Early-bird holiday shopping may cost you $370 more in the end
Want to rein in spending this holiday season? Wait until the last minute to shop.
Late shoppers in the U.S. are more likely to mind their purse strings, while early birds who start before Thanksgiving will probably spend more -- $370 more, according to Deloitte.
The average household is expected to spend $1,536 during the holiday season, according to a survey of more than 4,000 consumers in September. That's 25 percent more than respondents in last year's survey said. Stronger confidence in the U.S. economy and an improvement in household financial security are behind the increase, Deloitte found.

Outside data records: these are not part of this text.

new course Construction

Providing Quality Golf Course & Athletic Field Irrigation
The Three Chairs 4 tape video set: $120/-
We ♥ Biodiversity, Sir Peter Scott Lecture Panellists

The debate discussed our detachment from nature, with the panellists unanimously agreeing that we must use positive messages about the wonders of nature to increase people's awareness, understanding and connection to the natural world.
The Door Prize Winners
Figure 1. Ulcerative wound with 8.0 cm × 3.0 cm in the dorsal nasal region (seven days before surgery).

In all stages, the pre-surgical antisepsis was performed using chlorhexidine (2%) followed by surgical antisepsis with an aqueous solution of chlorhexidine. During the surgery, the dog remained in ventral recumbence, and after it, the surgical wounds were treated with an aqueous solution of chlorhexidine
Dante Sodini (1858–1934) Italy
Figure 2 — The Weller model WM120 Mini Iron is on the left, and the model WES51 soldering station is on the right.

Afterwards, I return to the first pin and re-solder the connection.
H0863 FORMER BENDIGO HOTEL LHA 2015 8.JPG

"Consumers starting their holiday shopping earlier have a more positive view of their current financial situation, which is a major driver behind higher holiday spending," said Rod Sides, head of Deloitte's U.S. retail practice. "This group is also more deal-focused and engaged across store and online channels."

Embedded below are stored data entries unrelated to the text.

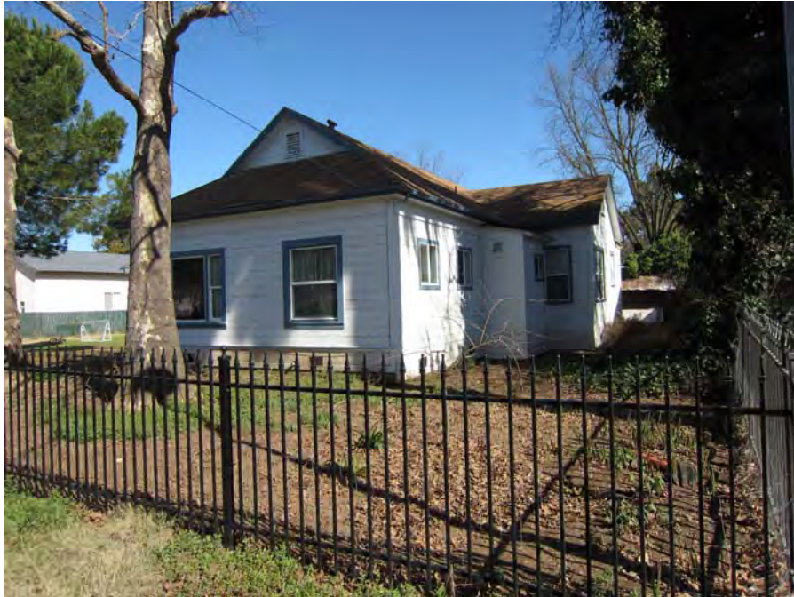
View of east (rear) and south façades (Page & Turnbull, 02/2012).
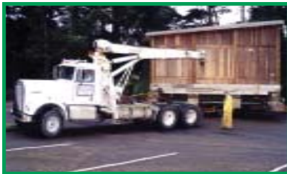
Moving to Sunset Campground
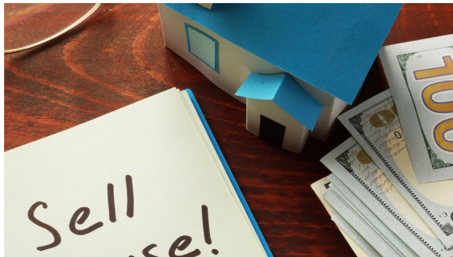
2017 Housing Market Survey

There are many great reasons nearly 90% of sellers use a listing Agent according to the National Association of Realtors. Selling a home is time consuming, out of pocket expenses for marketing, having knowledge of neighborhood trends, and excellent negotiating skills.
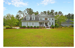
1000 Poconos Court Summerville SC
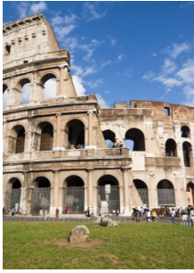
Next year's international symposium will be held in Rome, Italy amidst historical landmarks like the Coliseum

Next summer, systems engineers from around the world will meet in Rome, Italy for the INCOSE International Symposium 2012 (IS2012). The conference will take place from July 9 through 12, 2012.
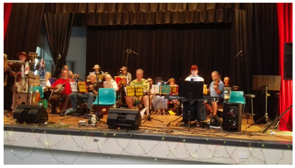
Concert Party will be playing for the Beecroft Dance in June.
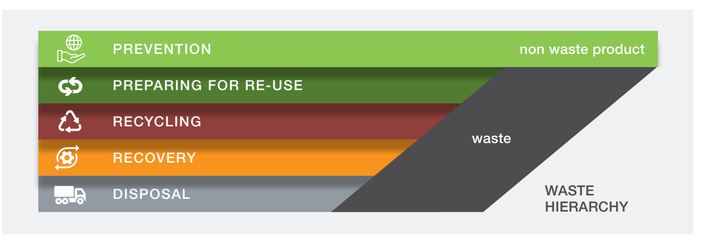
Figure 1: Waste hierarchy
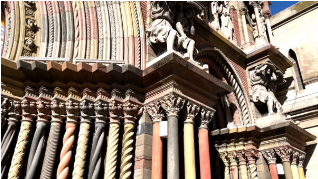
Detail of Capuchines Church in Cordoba.
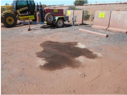
Oil spill to ground
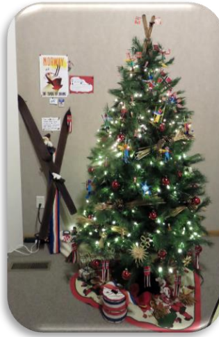
Left: 1 st Place Windom FFA
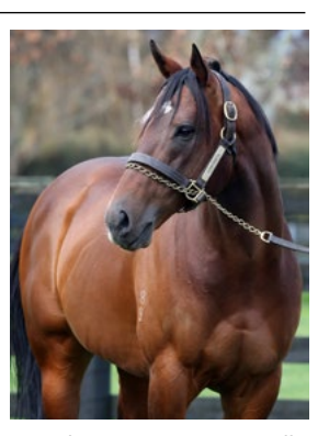
Shamexpress (NZ) (O'Reilly)

Windsor Park Stud weren't lacking confidence in the Group
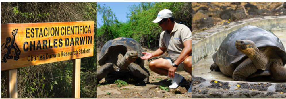
Fausto Llerena Breeding Center, Santa Cruz Island
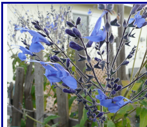
Salvia macrophylla
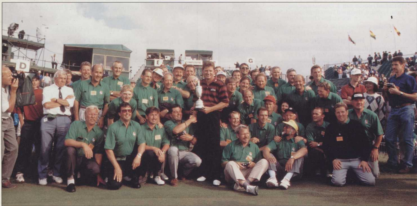
Flashback to last year: Members of the BIGGA support team with champion Nick Price

The share of spending online will grow by 2 percentage points to 57 percent, according to the survey, while purchases made in physical stores will drop by the same amount to 36 percent.

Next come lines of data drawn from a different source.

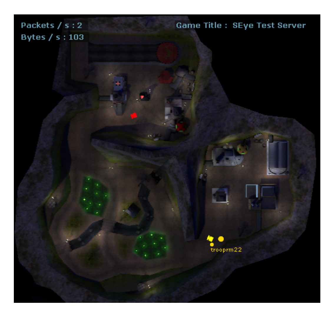
2) Thum-5-16-47.png, downloaded 931 times
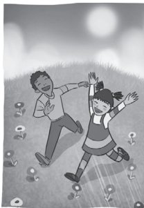
1. It's sunny .

2. Look at the pictures. Write the correct weather words from Exercise 1.
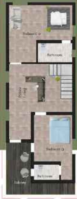
30x52.5' First Floor
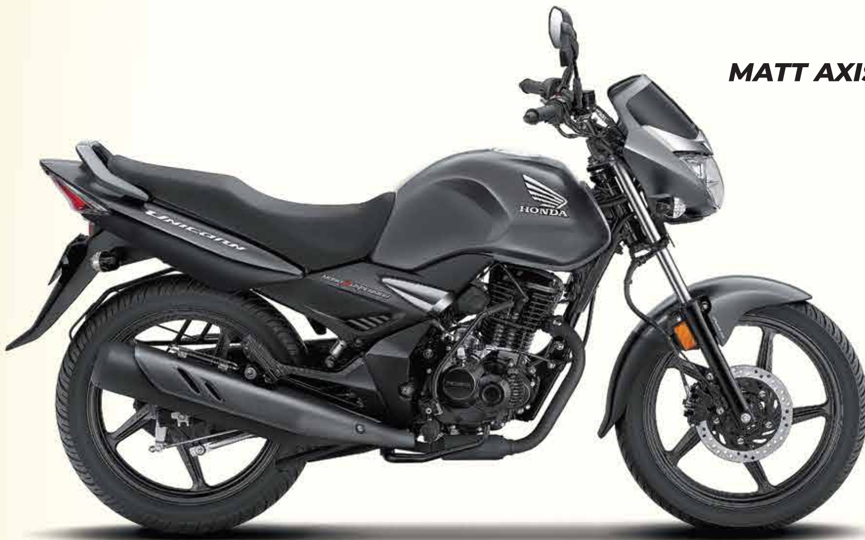
MATT AXIS GREY METALLIC
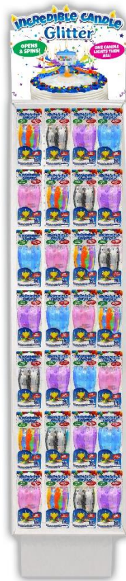
Item#3309F 56 pc FD

Experiences, like entertaining at home or socializing outside the home, account for the biggest piece of shoppers' budgets at about 40 percent. Gifts, including gift cards, make up 34 percent, while non-gift purchases, such as clothing and holiday furnishings, account for the rest.
And while it's the season to think of others, 51 percent of shoppers plan to do some self-gifting. That's a 15 percentage-point jump from 2012. Alcohol, food and clothes are the top items they'll splurge on for themselves.
Last month, Deloitte forecast U.S. retail holiday sales will climb 5 percent to 5.6 percent from last year and account for more than a quarter of 2018 retail sales overall.